Regulations and design codes for ships and offshore structures operating in ice infested waters consider only stationary loads for hull structural design. This implies that the effects of movement of a load along the hull are negligible. Real hull structures most often experience operational ice loads in a way that would be better modelled as a moving load.

Previous work (Quinton 2008) predicted a significant decrease in the structural capacity of a steel grillage (hull) structure subjected to moving loads that cause plastic damage, when compared with similar stationary loads. In particular, the previous work predicted a decrease in the structural capacity of both hull plating and hull frames. For hull frames, it was noticed that plastic buckling of the frame webs occurred at a much lower load level for moving loads, than for stationary loads.

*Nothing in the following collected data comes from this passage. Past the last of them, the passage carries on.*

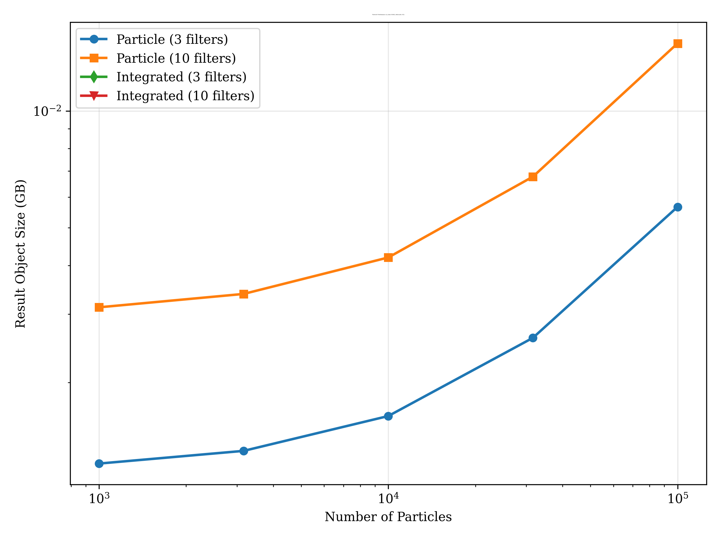 These plots show the memory size of the generated spectra and photometry objects as a function of the number of particles.
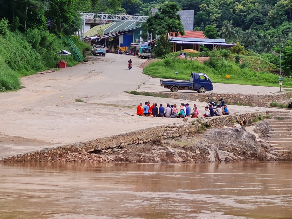 As we were pulling away, there was a group of people doing morning prayers with three monks on the riverside.
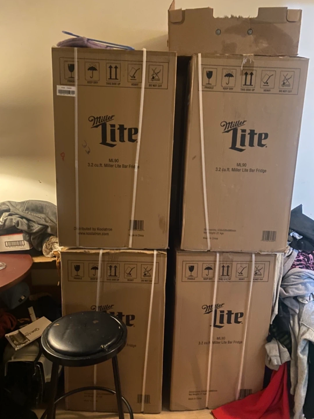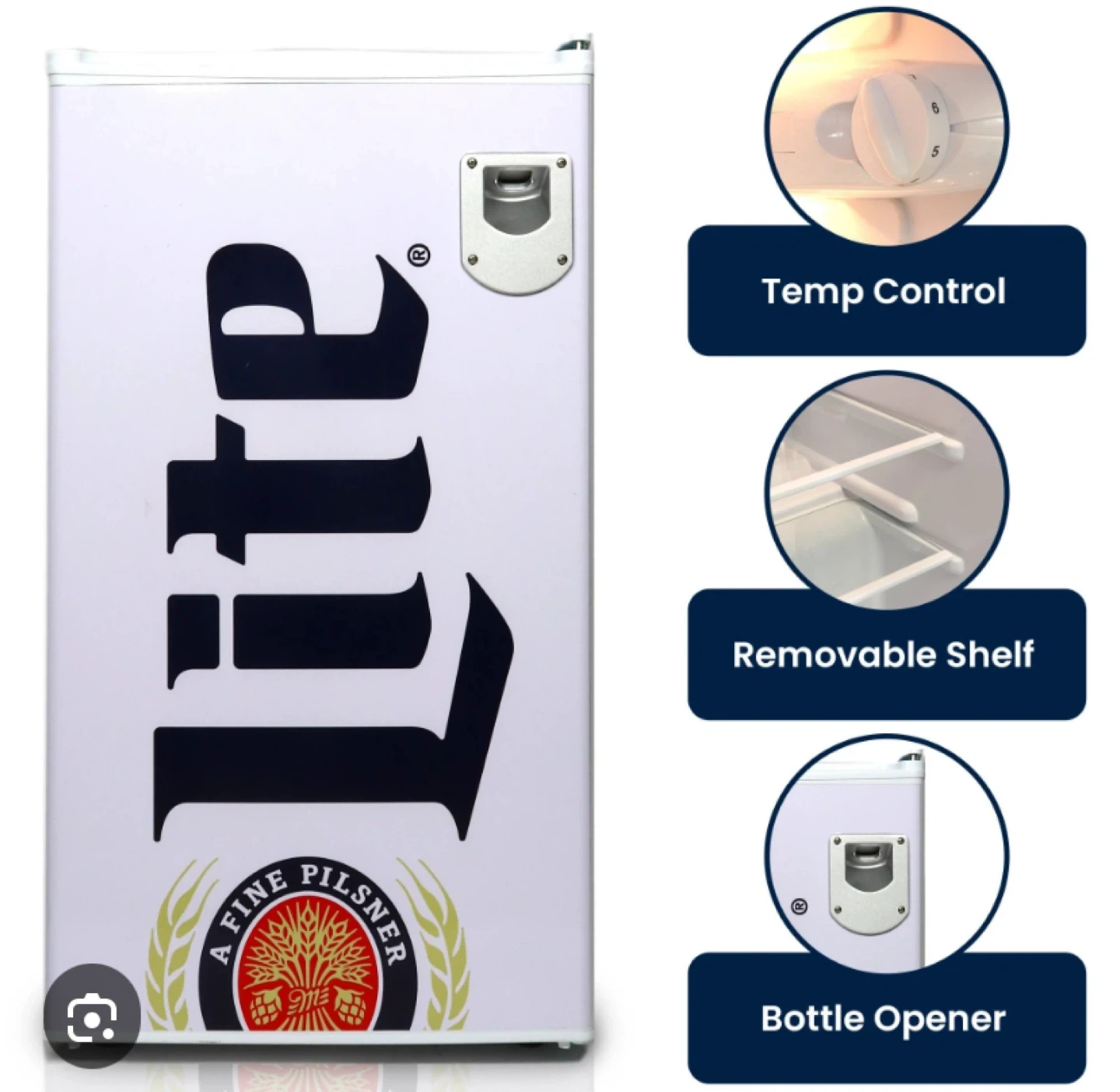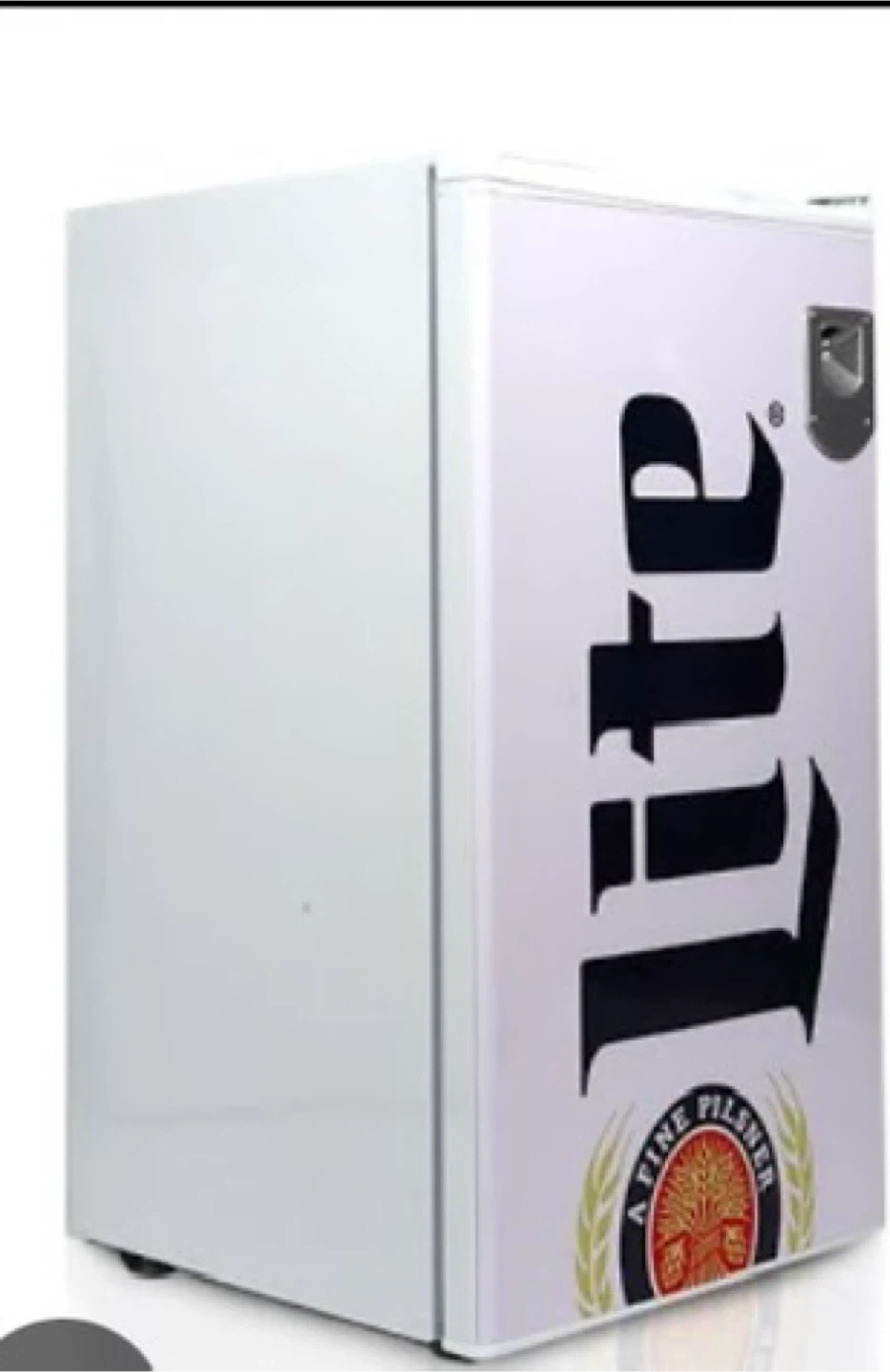 Keep your favourite beverages chilled with this Miller Lite mini fridge! It's got a temperature control, a removable shelf, and even a bottle opener on the side. Perfect for a dorm room, office, or man cave. Brand new in the box . For inquiry text 2265838883 or message on chat.

This thesis explores the effects of moving loads causing plastic damage on hull structures using experiments and subsequent numerical models. The results of this work identify a loss of hull structural capacity directly attributable to plastic damage caused by lateral load movement for both plates and frames. It explores the structural response phenomena underlying the observed capacity loses. In particular, this thesis presents:​ results of laboratory experiments carried out using a novel moving load apparatus involving steel and ice indenters acting on steel plates and frames;​ a discussion of the design and capabilities of the novel moving load apparatus;​ a discussion of the structural response phenomena present during moving loads based on a calibrated numerical model of the moving load experiments;​ and general guidelines for conducting numerical models of moving loads.